Power & Root Functions

  1. Figure out which value(s) of \(x\) satisfy each of the following algebraic equations. Express those values as decimals rounded to three figures.

    \( x^{1.23} = 17\)
    \( x \approx 10.008 \)
    \( x^{\frac{1}{5}} = 1.2345\)
    \(x \approx 2.867\)
    \( \sqrt{x+3}=-2 \)
    \(x=1 \)
    \( \sqrt[4]{x^{5}}-3 = 7\)
    \(x \approx 6.310 \)
    \( 7\sqrt[3]{2x-1} = 50\)
    \( x \approx 182.716\)
    \( 1 = 2.8(1+3x)^{4.14} \)
    \(x \approx -0.073\)
  2. Solve the following equation for \(c.\)

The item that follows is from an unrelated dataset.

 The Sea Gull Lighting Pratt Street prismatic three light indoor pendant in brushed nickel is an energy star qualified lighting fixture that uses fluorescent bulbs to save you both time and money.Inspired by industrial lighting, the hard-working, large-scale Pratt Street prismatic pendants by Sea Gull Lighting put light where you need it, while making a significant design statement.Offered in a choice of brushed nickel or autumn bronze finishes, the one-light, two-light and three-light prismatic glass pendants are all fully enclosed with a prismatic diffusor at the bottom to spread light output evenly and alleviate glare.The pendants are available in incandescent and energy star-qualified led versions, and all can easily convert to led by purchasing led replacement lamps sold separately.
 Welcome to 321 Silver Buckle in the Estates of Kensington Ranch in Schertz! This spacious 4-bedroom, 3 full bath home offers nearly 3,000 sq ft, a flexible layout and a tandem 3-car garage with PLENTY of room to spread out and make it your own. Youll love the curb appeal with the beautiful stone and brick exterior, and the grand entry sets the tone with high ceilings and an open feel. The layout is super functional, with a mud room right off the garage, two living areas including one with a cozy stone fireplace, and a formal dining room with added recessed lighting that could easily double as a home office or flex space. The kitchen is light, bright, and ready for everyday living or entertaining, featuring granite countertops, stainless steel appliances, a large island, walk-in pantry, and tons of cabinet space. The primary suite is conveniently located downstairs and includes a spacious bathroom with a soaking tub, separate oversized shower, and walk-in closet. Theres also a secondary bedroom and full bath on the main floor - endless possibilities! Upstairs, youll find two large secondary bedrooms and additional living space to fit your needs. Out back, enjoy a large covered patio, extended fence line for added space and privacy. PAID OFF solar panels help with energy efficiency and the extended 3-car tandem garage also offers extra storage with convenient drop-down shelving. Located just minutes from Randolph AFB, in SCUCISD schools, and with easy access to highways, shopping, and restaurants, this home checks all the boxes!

    \(\displaystyle x = \frac{-b + \sqrt{b^2 - 4ac}}{2a} \)
  3. For an investment of \(P\) dollars growing at an annual interest rate of \(r\) that is compounded monthly, this following formula relates the value \(S\) of the investment after \(t\) years. \[ S = P\left(1 + \frac{r}{12}\right)^{12t} \]

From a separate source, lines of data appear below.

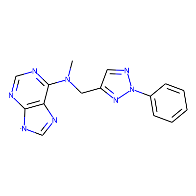 CN(Cc1cnn(-c2ccccc2)n1)c1ncnc2c1N=C[N]2| HBA: | 8 | RingCount: | 4 |
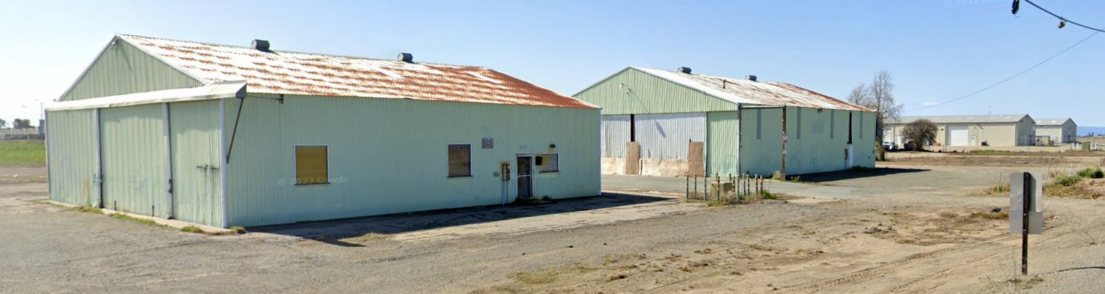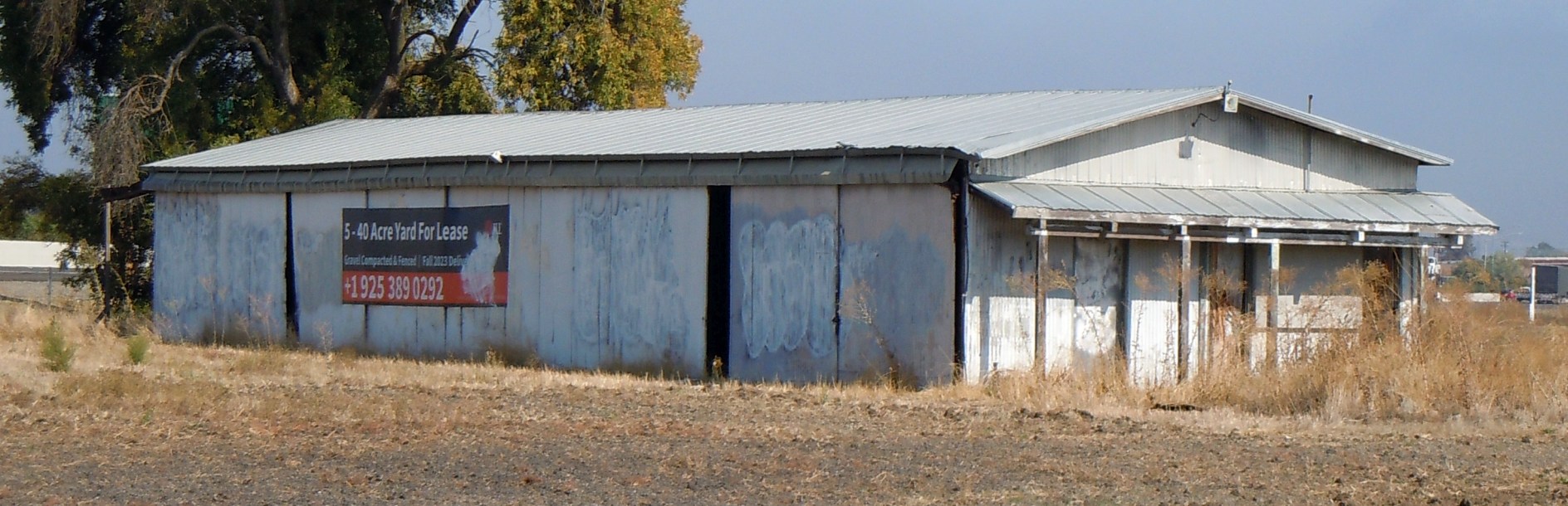 A 2023 photo looking west at a row of former hangars which remains on the northeast side of the original Rio Vista Airport site.
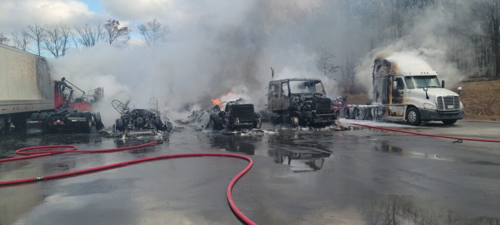 Firefighters were able to knock down the truck fire, but several of the vehicles were heavily damaged.
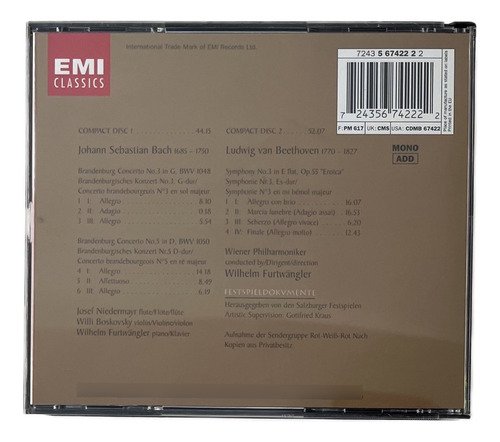 CD Bach Brandenburgische Konzerte No. 3 & 5 – Beethoven Symphonie No. 3 “Eroica” / Wiener Philharmoniker – Wilhelm Furtwängler

    1. Solve the formula for \(r\).
    2. If you have $10,000 and would like to invest it to earn $1,475.22 in interest after two years, what annual interest rate should you look for?
  4. The wind chill index is a measurement of how cold it feels outside due to the effects of the wind whipping away surface heat from your body. During cold weather, this is the “feels like” temperature that meteorologist list in weather reports. According to the National Weather Service, the following formula relates the wind chill index \(W\) with the wind velocity \(v\) (mph) and ambient air temperature \(t\) (°F). \[ W = 35.74 + 0.6215t - (35.75 - 0.4275t)v^{0.16} \]

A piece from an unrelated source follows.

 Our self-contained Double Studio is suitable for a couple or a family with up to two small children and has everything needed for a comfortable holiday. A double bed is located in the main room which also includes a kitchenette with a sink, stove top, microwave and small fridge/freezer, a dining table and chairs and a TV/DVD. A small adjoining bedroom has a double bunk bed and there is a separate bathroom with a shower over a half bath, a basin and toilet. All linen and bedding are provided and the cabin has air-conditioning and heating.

    1. For a fixed temperature \(t\) you can write the windchill as a function of the wind velocity, \(W(v)\). Write down a formula for \(W(v)\) for an ambient air temperature of 45°F.
    2. Using your formula for \(W(v),\) calculate how cold it feels like due to windchill on a 45°F day when the wind is gusting up to 40mph.
    3. On a 45°F day, how fast does the wind need to be blowing to make it feels like it’s 32°F?
    4. Look up the current temperature and max wind speed for today to calculate how cold it “feels like” outside due to wind chill.
  5. In the production of a plumbus, there are two main raw materials that are required: absidian and borron. It turns out that the number of units of absidian required to produce the plumbus varies directly with the cube of the amount of borron (in pounds) that is required.
    1. Define two variables, one to represent the amount of absidian and another to represent the amount of borron. Then, recalling what it means for two quantities to vary directly, write down the equation our situation suggests.
    2. Suppose \(500\) units of absidian and 5lbs of borron are required to produce 100 plumbuses. Use this information to find out what the direct variation coefficient (usually denoted as the variable \(k\)) must be.
    3. Now that we know \(k\), we know everything. If we have 10lbs of borron lying around the plumbus factory, how many units of absidian do we need to go forage to turn it all into plumbuses?